Monticello operates under a mayor-council government, with two aldermen representing the city's four wards on the city council. Aldermen are elected to two-year terms. The mayor, city attorney, and municipal judge are elected to four-year terms.

==Education==

===Primary and secondary===
Most of Monticello is served by the Monticello School District while small portions are served by the Drew Central School District.

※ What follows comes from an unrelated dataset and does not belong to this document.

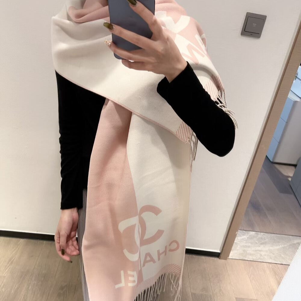 Chanel 24A Half color Wool Scarf / Pink and white / 70.9 inches / Cozy Scarf / Chic Style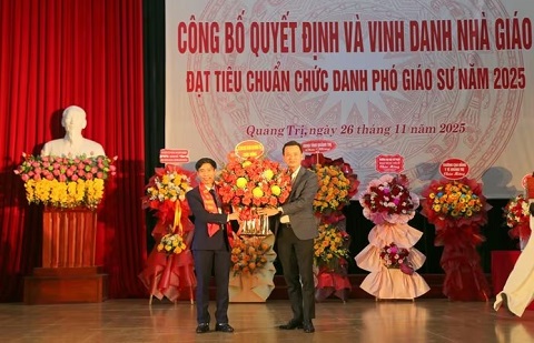 Chiều 26/11, Trường Cao đẳng Sư phạm Quảng Trị tổ chức Lễ công bố quyết định, vinh danh nhà giáo đạt tiêu chuẩn chức danh Phó Giáo sư năm 2025.

The Monticello School District consists of Monticello Elementary School (grades K to 2), Monticello Intermediate School (grades 3 to 5) Monticello Middle School (grades 6 to 8), and Monticello High School (grades 9 to 12).

The Drew Central School District primarily serves the outlying areas of Monticello. It consists of Drew Central Elementary School (grades PreK to 4), Drew Central Middle School (grades 5 to 8), and Drew Central High School (grades 9 to 12).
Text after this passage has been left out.